Given information »
[Start of Attachment]
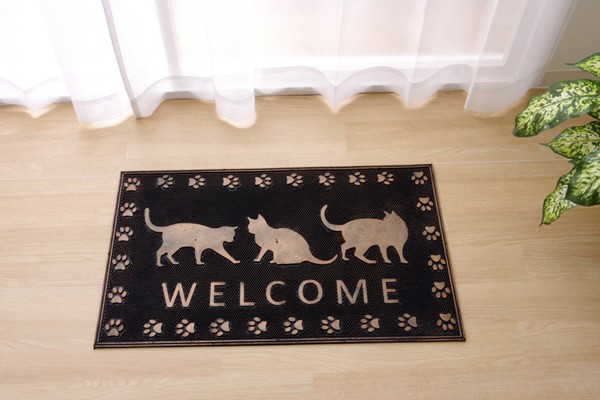 ねこ柄のかわいらしいデザインが特徴の外用玄関マットです。靴の泥などを落としてくれます。汚れたら水で洗い流せます。玄関をおしゃれに彩ってくれる商品です。
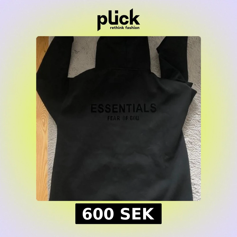 Säljer en svart hoodie från Essentials Fear of God. Tröjan har huva, magficka och tryck både fram och bak. Perfekt för dig som gillar streetwear och vill ha en stilren look.
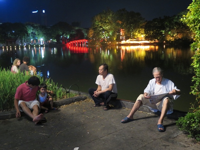 Không còn ghế để ngồi, nhiều người ngồi ngay mép hồ để tâm sự, đọc báo và hóng gió. |
[End of Attachment]
Your objective »
Starting with the line that contains "Säljer en svart", reproduce every line to the end of the material above, both end lines included, exactly and with no pictures.

Answer to this problem »
 Säljer en svart hoodie från Essentials Fear of God. Tröjan har huva, magficka och tryck både fram och bak. Perfekt för dig som gillar streetwear och vill ha en stilren look.
 Không còn ghế để ngồi, nhiều người ngồi ngay mép hồ để tâm sự, đọc báo và hóng gió. |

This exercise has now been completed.